でもこのマップでは、藍消費40%カットは神器だ!
急いで値札を探す——フル装備で3700ソウル貨? それでも割引後の値段?
【こんなに高い?! 小ボスを倒さないとそんなに稼げないだろ!】
さらに懐を見る——道具を買った後、残りのソウル貨は八百だけだった。
【……全然足りない。】
今まで俺は貯金なんてしたことがなかった。あっただけ使う。死んだら落とすかもしれないし、残してどうする?

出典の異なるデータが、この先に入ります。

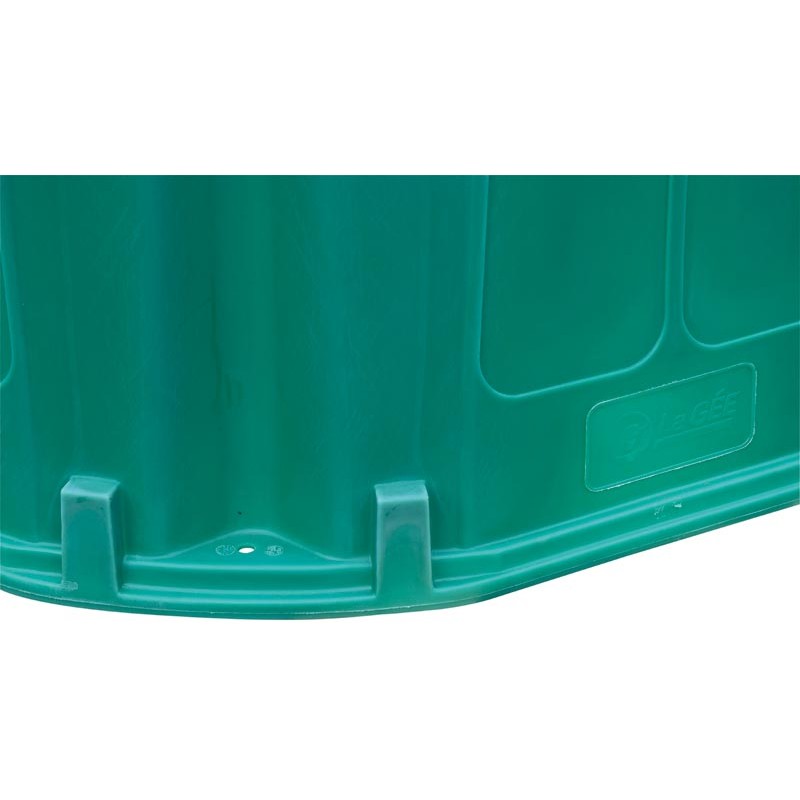 Lors du remplissage des RPE avec fond, la cloche est soulevée et le fond reste au sol. Ils sont percés de 6 trous de fixations permettant l'ancrage au sol du râtelier par des pitons et évitant son déplacement lors de l'alimentation des animaux. Leurs parties supérieures sont équipées d’un anneau de levage de diamètre 40 mm et de formes de renfort. Les fonds et les passages sont prévus avec écoulement d’eau. Passage de tête renforcé par un rebord en polyéthylène non blessant. Ils sont très sécurisants pour les troupeaux.
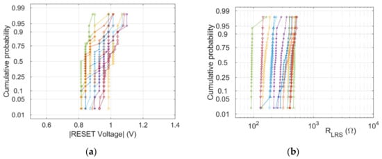 Cumulative probability obtained from 15 different single devices (color lines identify each device) corresponding to 25 DC cycles: (a) RESET voltage (); (b) Resistance in the ().
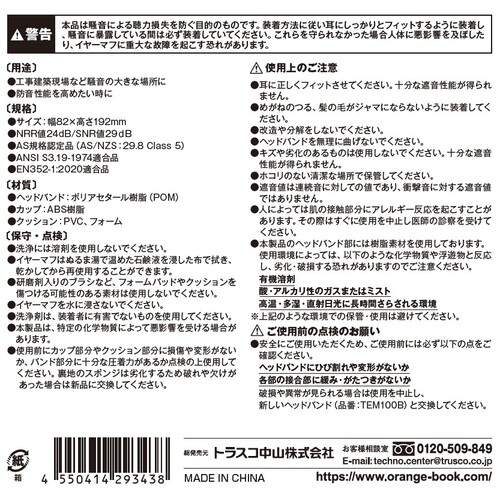 TRUSCO イヤーマフ NRR値24dB TEM100
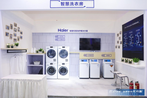 其中针对学生生活服务,海尔在现场展示了行业首创的共享租赁平台“海寓生活”,其打通了家电、安防等全链条设备资源,以及银行、基金等金融资源,通过软硬互联、金融赋能和运营增值,建立起全球智慧教育生态。同时,海尔具备成套产品、成套方案、成套展示、成套人员、成套服务的5大落地能力,提供从方案体验、交接、装配全流程一站式服务,省去校方多余的时间、精力及服务成本投入。
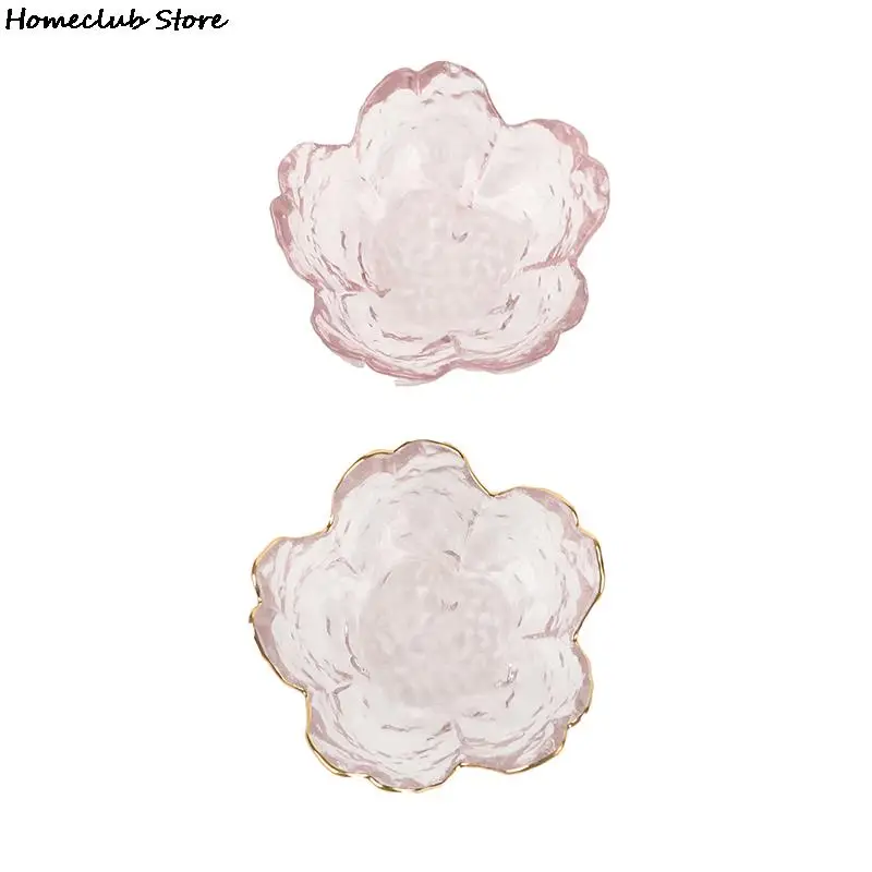 Маленькое Стеклянное блюдо в скандинавском стиле, стеклянная миска для соуса с золотой инкрустацией, Мини японские цветки вишни, зеркальное блюдо для мороженого, сала для фруктов

でもこの服……藍消費40%カット……めちゃくちゃ欲しい。
「……まあいいや。」
服を棚に戻す。買えない。残ったソウル貨はとりあえず取っておこう。もしかしたら後でたくさんソウル貨を落とす小モンスターが出てくるかもしれない。
【貯まったら買う。値上げだけはするなよ。】
シエルは首をかしげて、にこにこしている。
「おや? ちびぬいぐるみちゃん、貯金覚えたの?」
「うん、ちょっと貯める。」
あまり言わずに、もう一度あの服を見た。
【値上げだけはするなよ。】
「おい、ちびっ子。」
出かけようとしたら、コーラが初めて自分から声をかけてきた。
「どうした?」と急いで聞く。
「俺がくれた武器はどうしたんだ。」
「錆びてなくなった……」
「そうか。シエル、お前に誤解してるんだろ?」
【話題の変わり方が急だな……でもなんとなく、武器の話はただの前置きだった気がする。】
シエルを見る——彼女は棚の整理に忙しく、鼻歌まで歌っていて、こっちに全く気づいていない。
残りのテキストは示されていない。